Sara Patterson’s life is very sensible. She has been working hard the last few years to complete her education, and she has landed secure employment in a hospital lab off the southern coast of Washington state. All she wants to do is complete her thesis, do well at her job, and take care of her dog, Gypsy. She has no room for romance, nor does she want it. Especially not with the local, yet not always stationary, bartender, Jessie Singer.

Jessie Singer has one big dream – to become a professional pool player. It’s a dream that takes her all over the place, from job to job and woman to woman. Despite all this traveling, Jessie always returns home to the family and friends that she loves. Before Jessie can set out again, fate brings her into the office of Sara Patterson for blood tests. Pretty soon, Jessie is wondering if there’s more to life than just chasing her life-long dream and if it has to do with a certain blonde in a lab coat.

Both of these women knew exactly what they wanted from life, until their paths crossed and crashed their worlds together.

The Characters

I’m a big sucker for opposites attract, and these two women couldn’t be more opposite.

Sara is very practical in what she wants out of life. It doesn’t make her boring or monotonous. She just wants the simple comforts that all people want: a job, a house, and a steady income. Her only flaw is that she’s not very adventurous or impulsive. Even though she longs to throw caution to the wind, she’s not wired to do so, but that doesn’t stop her from being a caring and sympathetic individual.

Jessie is more impetuous. She is more homed in to her adventurous side than Sara, and it shows in her ability to pick up and move to different jobs. It is one of Jessie’s attractive qualities to Sara, and it’s a big reason why Sara is drawn to Jessie throughout the story, even though I feel it’s more out of a feeling of jealousy than admiration for Sara.

The supporting characters are fun to read as they interact with Sara and Jessie. Dr. Lesterbrook is the typical hard ass boss to Sara, until you find out the reason why he’s so hard on her and the secret he’s been hiding. Edie and Margie are both great sounding boards for Sara as she sorts through her feelings about Jessie. And, of course, there is Gypsy. The cutest little service dog I have ever read about. She’s definitely the source of Sara’s happiness.

The Writing Style

The writing style of this story reads like a romantic comedy. It’s a development story that takes Jessie and Sara on the journey from friends to lovers with all the aspects of life that come along the way, including dating other women. White gives us a lot of conversation between the characters and very little description about their inner thoughts. I really enjoyed this aspect because sometimes stories give too much detail on a character’s inner musings. What White does here is cut out a lot of the noise and just has Jessie and Sara communicate with each other, openly and honestly. It’s spectacular to read because I felt I was getting to know the characters better through their physical interactions than through their internal actions. It was much more satisfying.

The Pros

I love how White gives a physical representation of Jessie’s and Sara’s personalities and how they clash at the beginning, yet slowly start to grow on each other.

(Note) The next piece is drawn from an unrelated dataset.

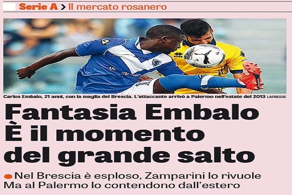 “L’investitura è arrivata direttamente dal presidente Zamparini: nel nuovo attacco del Palermo ci sarà anche Carlos Embalo. L’attaccante esterno della GuineaBissau, esploso quest’anno nel Brescia dove era stato ceduto in prestito, per il patron rosanero deve tornare alla casa madre. Cinque gol e 11 assist, oltre a un rendimento costante sono le credenziali giuste per fare il grande salto in Serie A. Era arrivato con grandi ambizioni appena diciottenne nell’estate del 2013, il Palermo era appena retrocesso in Serie B, l’allora direttore sportivo Perinetti lo portò in rosanero per 195 mila euro prelevandolo dal Chaves società portoghese. Quella stagione fece la spola tra Primavera e prima squadra senza mai trovare spazio con Gattuso prima e Iachini poi. In compenso con i ragazzi di Bosi si fece notare mettendo a segno 7 gol. La stagione successiva venne dato in prestito prima al Carpi e poi al Lecce in Lega Pro. RIVELAZIONE L’esplosione avviene nell’ultima annata. Boscaglia ne fa un perno inamovibile del suo Brescia nel quale Embalo collezione ben 40 presenze. Corsa, velocità, dribbling, e cross. La fascia sinistra è il suo territorio di appartenenza. Se è vero, come ha detto Zamparini, che il Palermo l’anno prossimo, per via della partenza di Vazquez, dovrà giocare con 3 attaccanti, Embalo può giocarsi la sua chance nel grande calcio. C’è, però, una scoglio da superare costituito dal rinnovo del contratto che scade a giugno 2017. Perché nel frattempo le sue prestazioni hanno attirato le attenzioni di club stranieri. Anderlecht e Stoccarda sono in pressing per accaparrarselo, approfittando dell’ultimo anno di contratto. I belgi inoltre faranno i preliminari di Champions League e la prospettiva, oltre a quella economica, è molto allettante. Embalo però è anche molto legato al Palermo, la società che lo ha portato in Italia, le parole del presidente inoltre lo hanno molto gratificato. RINNOVO Il club sta lavorando per trattenerlo e rinnovare, i contatti col suo agente soprattutto dall’arrivo di Rino Foschi sono costanti e proficui. Perché il Palermo guarda ai giovani e quelli che ha non vuole farseli scappare. Per un giocatore che torna ce n’è un altro, sempre in prestito, che può fruttare soldi in entrata. Zamparini guarderà con interesse l’esito della finale playoff tra Trapani e Pescara, perché negli abruzzesi c’è Ahmad Benali. In caso di promozione il Pescara ha l’obbligo del riscatto del centrocampista libico a un milione di euro. Una bella plusvalenza visto che era stato preso dal Brescia a parametro zero la scorsa estate”. Questo quanto riportato dall’edizione odierna de “La Gazzetta dello Sport”.

Jessie is selling a scooter she bought spontaneously. At one point, Sara expresses a slight interest in buying it. On a whim, which is in line with Jessie’s impulsiveness, she decides to take the scooter over to the hospital for Sara to look at. Sara has by now listened to her practical side and decides against buying the scooter, stating she doesn’t like to be pressured and wants to think about it more.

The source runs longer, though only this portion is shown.